Problem description>
Using the data below, set down every line from the one containing "Vertical Blinds are" through the one containing "- Rozměry: 140L", inclusive and unchanged. Pictures are to be skipped.

Saved entries
┌──
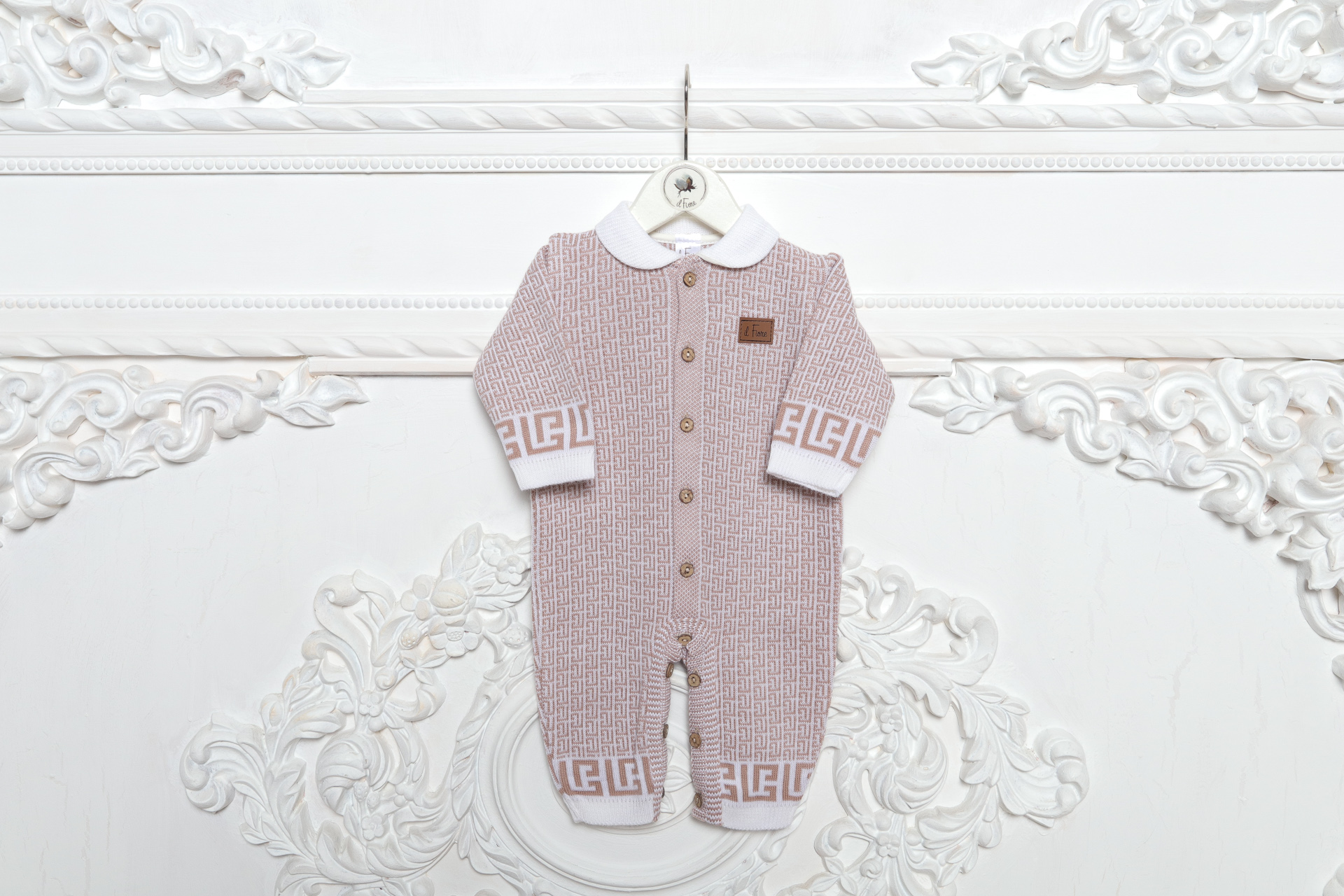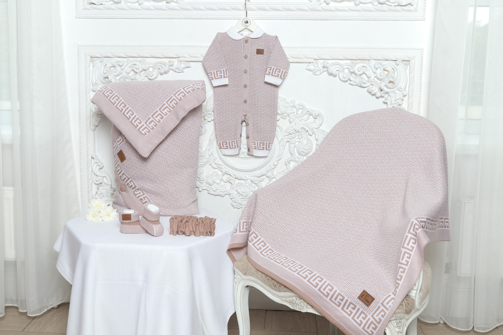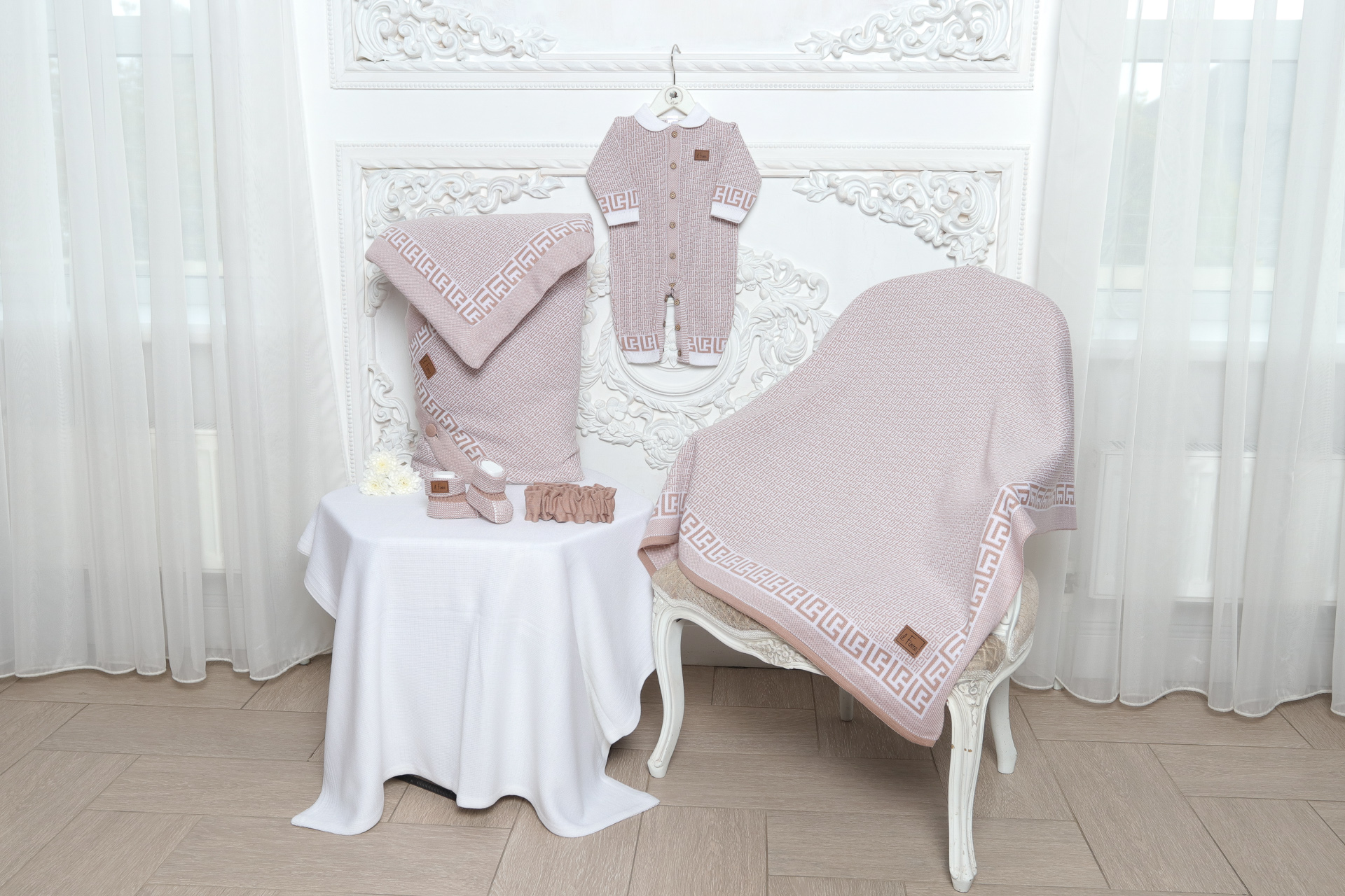 Утончённый узор придаёт каждому элементу неповторимую изысканность, делая образ малыша по-настоящему особенным. Благородные линии и изящные переплетения создают впечатление ручной работы, превращая обычный комплект в произведение искусства.
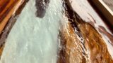 今回使用した材も、自然が生み出した曲線が特徴的で、入江のラインを削り出す際にその個性が非常に活きました。丸太そのものの表情を残しながらレジンと融合させることで、市販の均一な素材では出せない“自然の風景”としてのテーブルが完成します。
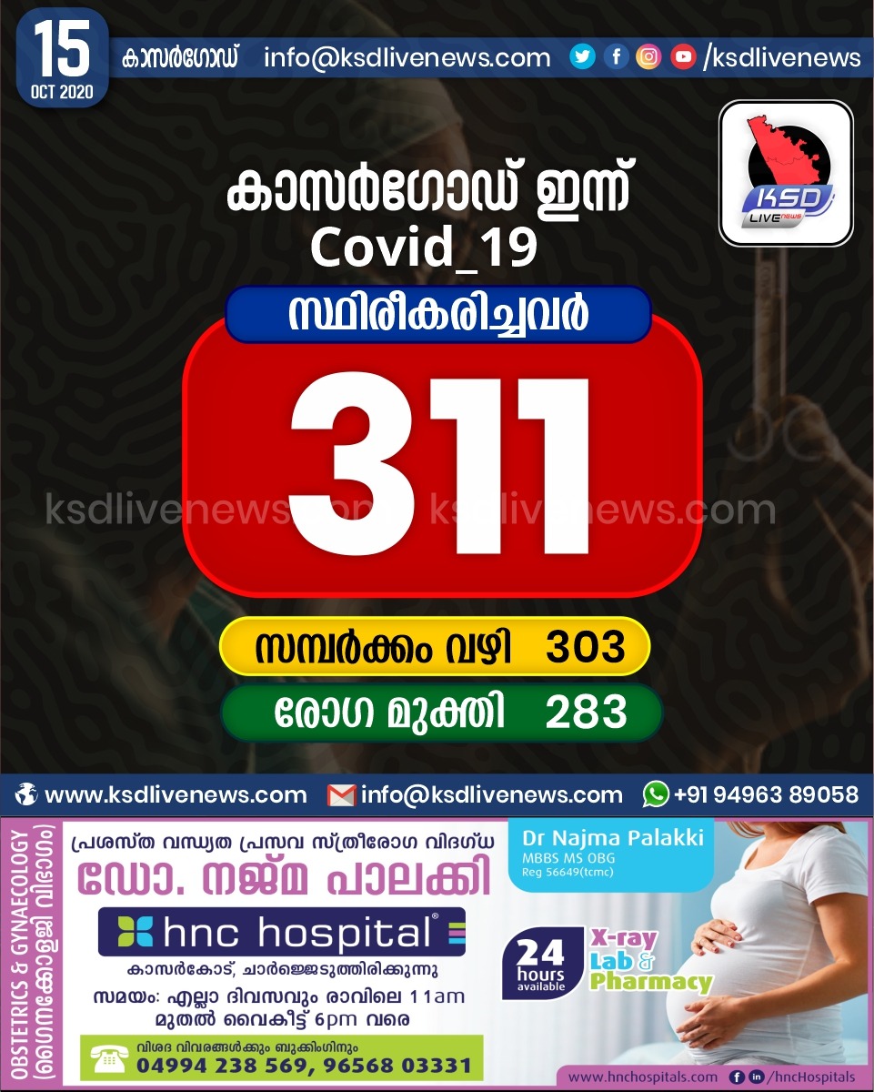 പ്രാദേശികം കാസർഗോഡ് ജില്ലയിൽ ഇന്ന് 311 പേർക്ക് കോവിഡ് സ്ഥിരീകരിച്ചു. സമ്പർക്കം വഴി 303 പേർക്കും. 283 പേർക്ക് രോഗ മുക്തിOctober 15, 2020
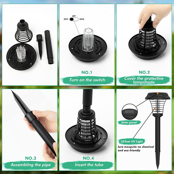 Naša solarna svetilka je preprosta za namestitev in uporabo – brez težav in brez dodatnega vira energije.                                   Uživajte v takojšnji zaščiti pred komarji!
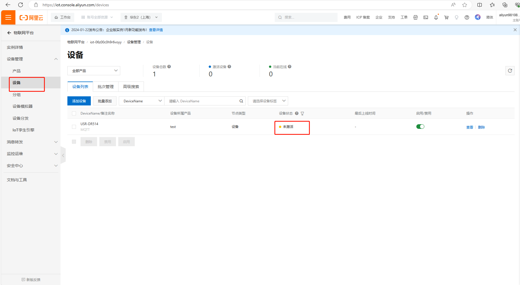 (2)添加完設備,如下圖展示,設備狀態是未激活,等設置完USR-DR514的MQTT連接阿里云參數之后,設備狀態才顯示在線。
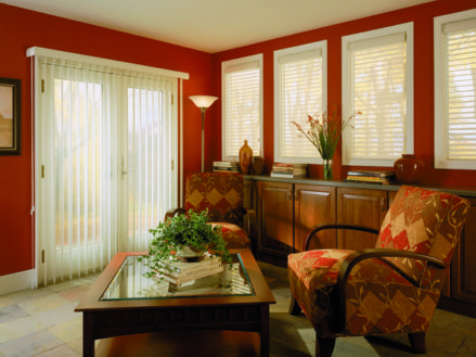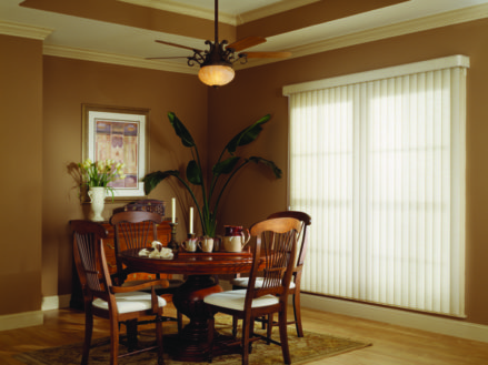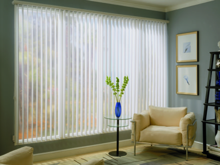 Vertical Blinds are manufactured with a series of 3 1/2” wide vertical louvers that traverse along a headrail and are typically controlled by a wand or cords that traverse and rotate the louvers. They offer one of the most economical ways to cover large areas of glass and can often be found in commercial applications as well as in residential buildings. The louvers can be rotated at different angles to control light and privacy; and because the louvers are traversed rather than raised, these Blinds work very well on sliding glass doors because the blinds mimic the movement of the door.
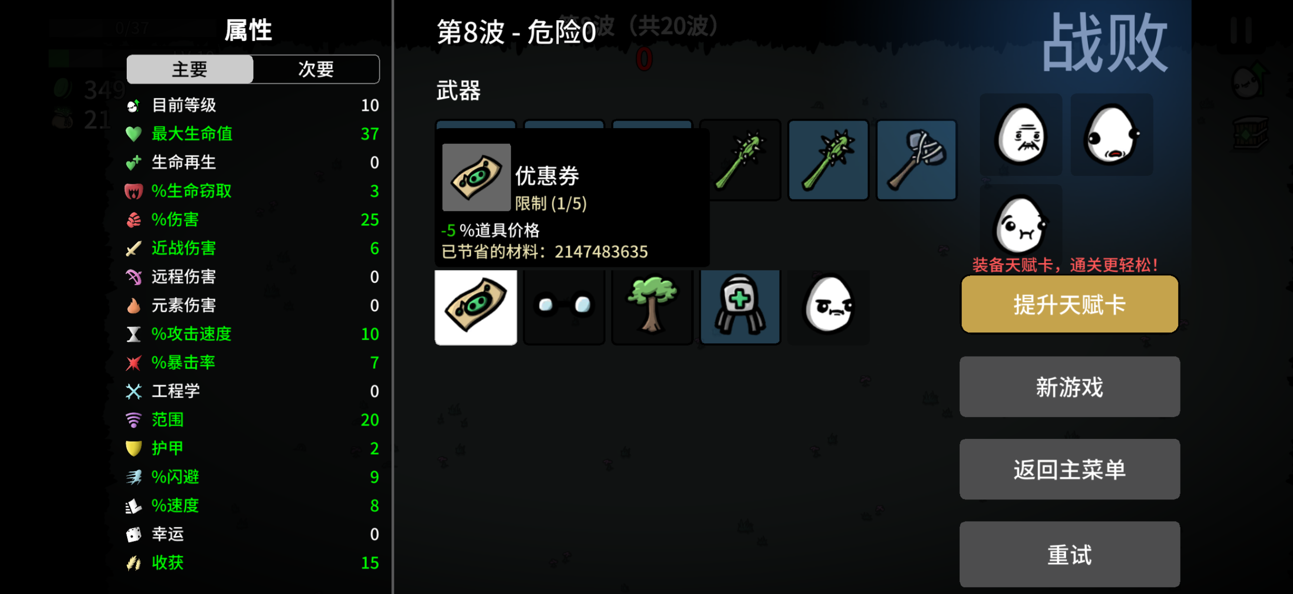 死亡后优惠券的“已节省的材料”值错误
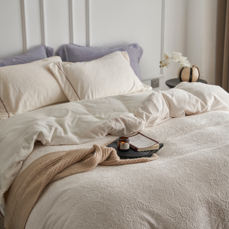 商品名称:(总)云胡 2023新款230克雕花牛奶绒绣花贴线宽边工艺款四件套
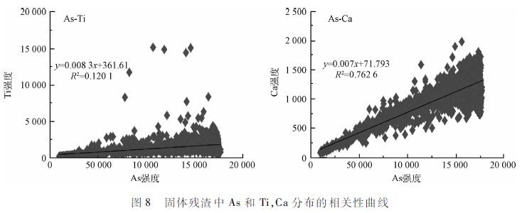 通過對As和Ti的熒光數據進行回歸分析(圖8)發現,這2種元素分布的相關系數(R2)是0. 120 1 ,說明固體殘渣中這2種元素空間分布相關性并不好,進一步表明反洗過程使得As從TiO2表面脫附下來。μ-XRF分析表明固體殘渣中As和Ca的空間分布相關性較好,相關系數(R2)高達0. 762 6,說明固體殘渣中大部分As和Ca結合在一起,主要是由于Ca可與砷酸鹽結合并形成鈣砷酸鹽。
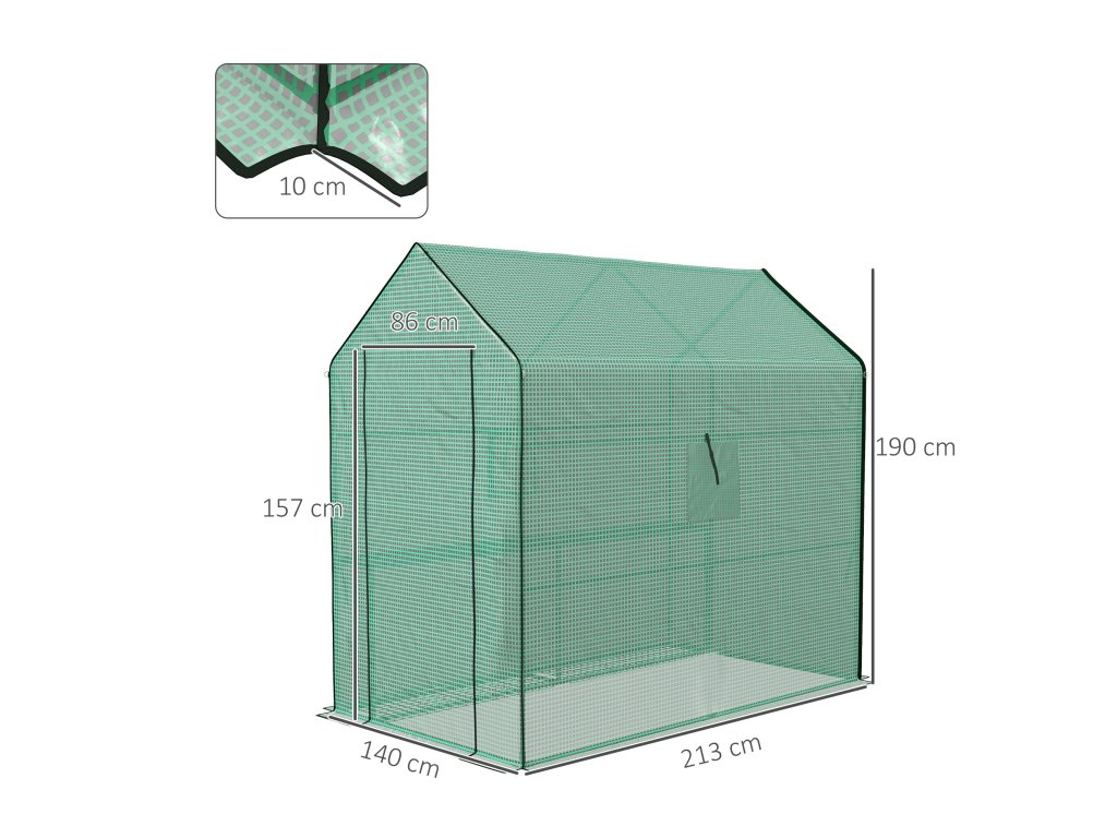 - Rozměry: 140L x 213W x 190H cm. Dveře: 86Š x 157V cm. Výška okna: 30Š x 30V cm. Vhodné pro skleník Outsunny: 845-411V02.
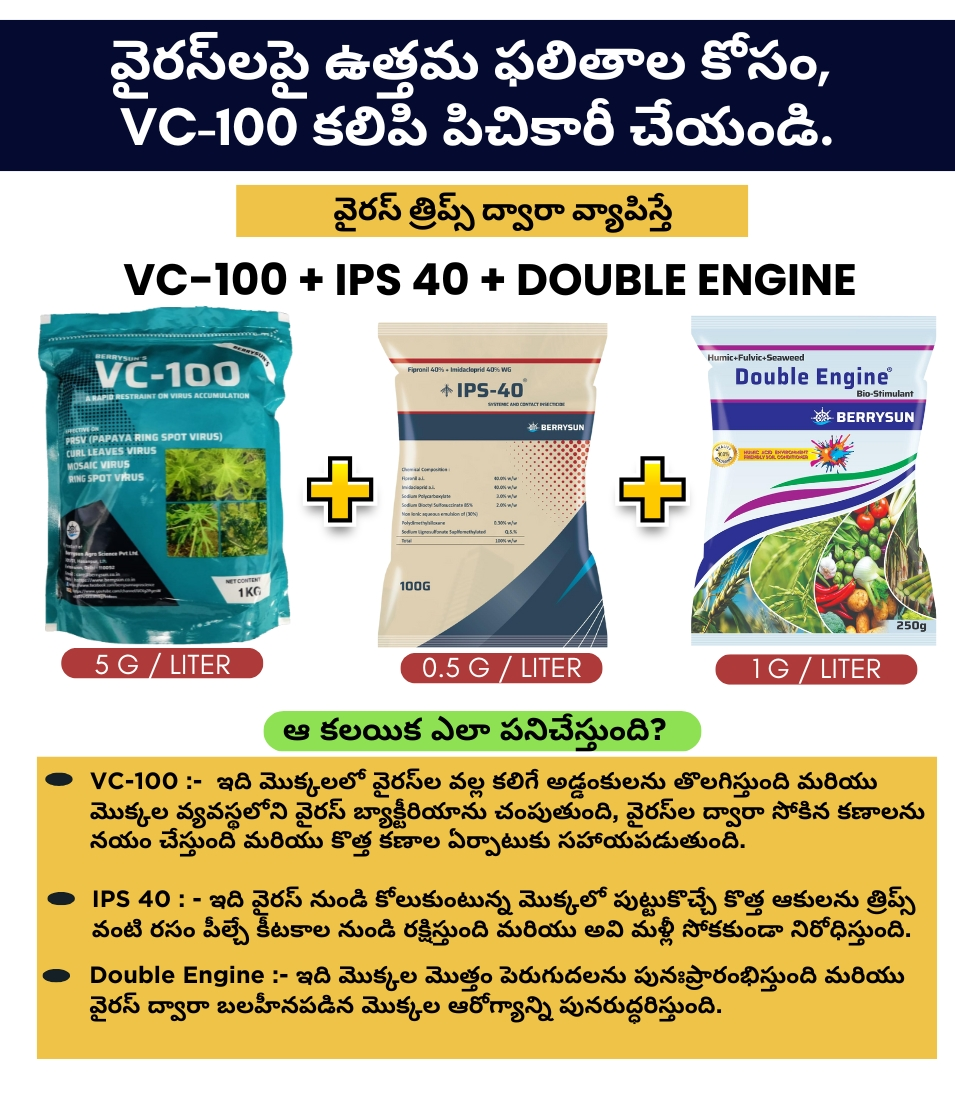 The Berrysun VC-100 + Aceta Pro + Double Engine Combo is a powerful three-in-one crop protection solution designed to manage viral stress, control sucking insect pests, and enhance overall plant growth. This combo provides comprehensive protection for crops like chilli, tomato, papaya, brinjal, bitter gourd, capsicum, tobacco, okra, green gram, and other vegetables & field crops.
└──
Your solution>
 Vertical Blinds are manufactured with a series of 3 1/2” wide vertical louvers that traverse along a headrail and are typically controlled by a wand or cords that traverse and rotate the louvers. They offer one of the most economical ways to cover large areas of glass and can often be found in commercial applications as well as in residential buildings. The louvers can be rotated at different angles to control light and privacy; and because the louvers are traversed rather than raised, these Blinds work very well on sliding glass doors because the blinds mimic the movement of the door.
 死亡后优惠券的“已节省的材料”值错误
 商品名称:(总)云胡 2023新款230克雕花牛奶绒绣花贴线宽边工艺款四件套
 通過對As和Ti的熒光數據進行回歸分析(圖8)發現,這2種元素分布的相關系數(R2)是0. 120 1 ,說明固體殘渣中這2種元素空間分布相關性并不好,進一步表明反洗過程使得As從TiO2表面脫附下來。μ-XRF分析表明固體殘渣中As和Ca的空間分布相關性較好,相關系數(R2)高達0. 762 6,說明固體殘渣中大部分As和Ca結合在一起,主要是由于Ca可與砷酸鹽結合并形成鈣砷酸鹽。
 - Rozměry: 140L x 213W x 190H cm. Dveře: 86Š x 157V cm. Výška okna: 30Š x 30V cm. Vhodné pro skleník Outsunny: 845-411V02.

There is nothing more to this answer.